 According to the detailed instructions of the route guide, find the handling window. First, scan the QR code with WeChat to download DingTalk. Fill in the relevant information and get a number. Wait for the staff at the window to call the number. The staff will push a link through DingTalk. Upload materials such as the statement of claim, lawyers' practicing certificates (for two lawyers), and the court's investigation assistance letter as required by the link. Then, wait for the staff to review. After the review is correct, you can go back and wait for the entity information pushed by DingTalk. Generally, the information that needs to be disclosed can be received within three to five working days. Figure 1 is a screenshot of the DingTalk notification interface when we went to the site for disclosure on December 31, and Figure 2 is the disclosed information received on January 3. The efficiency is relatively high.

◇ ◇ ◇ ◇

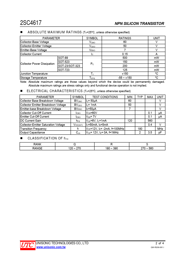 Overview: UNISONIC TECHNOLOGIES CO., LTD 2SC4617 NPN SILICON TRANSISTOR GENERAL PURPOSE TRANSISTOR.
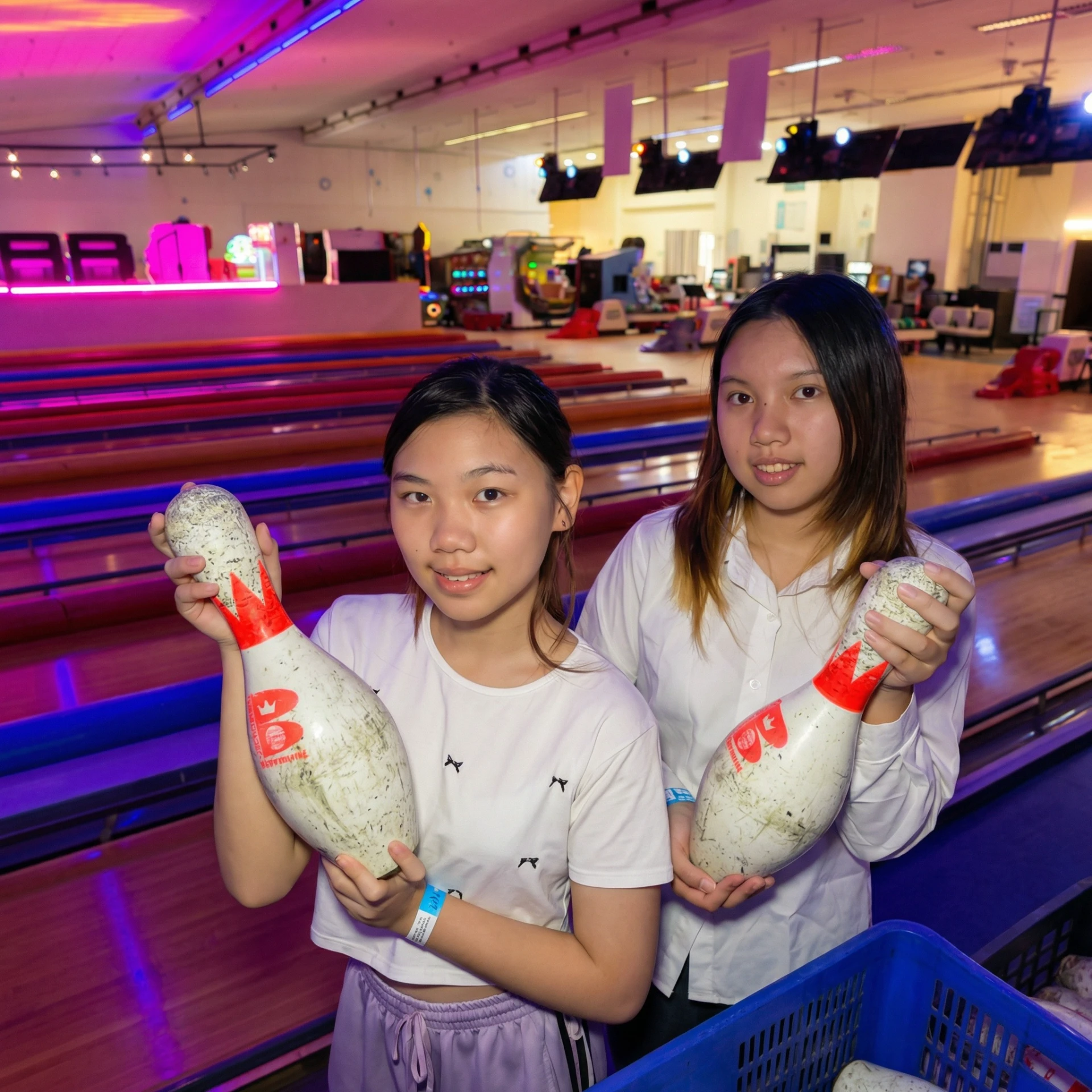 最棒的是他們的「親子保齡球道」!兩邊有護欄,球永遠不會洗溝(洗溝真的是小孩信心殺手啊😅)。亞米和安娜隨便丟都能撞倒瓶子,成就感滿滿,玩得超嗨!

◇ ◇ ◇ ◇

- **HOW TO COMPLETE THIS TASK**
Extract, without any images, the part of the material above that opens with the line containing "Overview: UNISONIC TECHNOLOGIES" and closes with the line containing "最棒的是他們的「親子保齡球道", both lines included.

- **ANSWER TO THIS PROBLEM**
 Overview: UNISONIC TECHNOLOGIES CO., LTD 2SC4617 NPN SILICON TRANSISTOR GENERAL PURPOSE TRANSISTOR.
 最棒的是他們的「親子保齡球道」!兩邊有護欄,球永遠不會洗溝(洗溝真的是小孩信心殺手啊😅)。亞米和安娜隨便丟都能撞倒瓶子,成就感滿滿,玩得超嗨!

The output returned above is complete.